UPDATE: Looks like Oklahoma amended the statute and phased this out after July 2010. Sorry, Okies.
We’ve talked about California and Colorado and the tax incentives that those states have for electric vehicles (including the Brammo Enertia electric motorcycle). I know your next question:
What about Oklahoma?
Oklahoma. Imagine riding an Enertia and actually being able to hear it when the wind comes right behind the rain. Imagine being able to smell the waving wheat, which can sure smell sweet, at least when you aren’t overcome by the smell of burning fossil fuels.
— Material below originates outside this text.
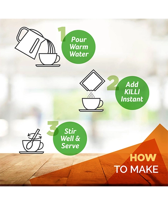 Empty the KILLI Instant Sachet into a glass of 120ml warm water or milk. Stir well and serve.

Oklahoma, the state where, every night, your honey lamb and you can sit alone and talk about one of the best tax incentives for electric vehicles in the United States.
Disclaimer: Don’t get your tax or other financial advice from anyone whose online name ends in -fan. This means: do your own homework on this purchase. I’m just trying to get you to think.
Let’s start at the beginning:
Oklahoma Statutes Title 68, Section 2357.22 – “One-Time Credit Against Income Tax for Investments in Qualified Clean-Burning Motor Vehicle Fuel Property.” With an alluring title like that, you know you’re in for a treat if you did a little deeper, right? Here’s the basic language, followed by my translation:
For tax years beginning before January 1, 2015, there shall be allowed a one-time credit against the income tax imposed by Section 2355 of this title for investments in qualified clean-burning motor vehicle fuel property placed in service after December 31, 1990, and for investments in qualified electric motor vehicle property placed in service after December 31, 1995.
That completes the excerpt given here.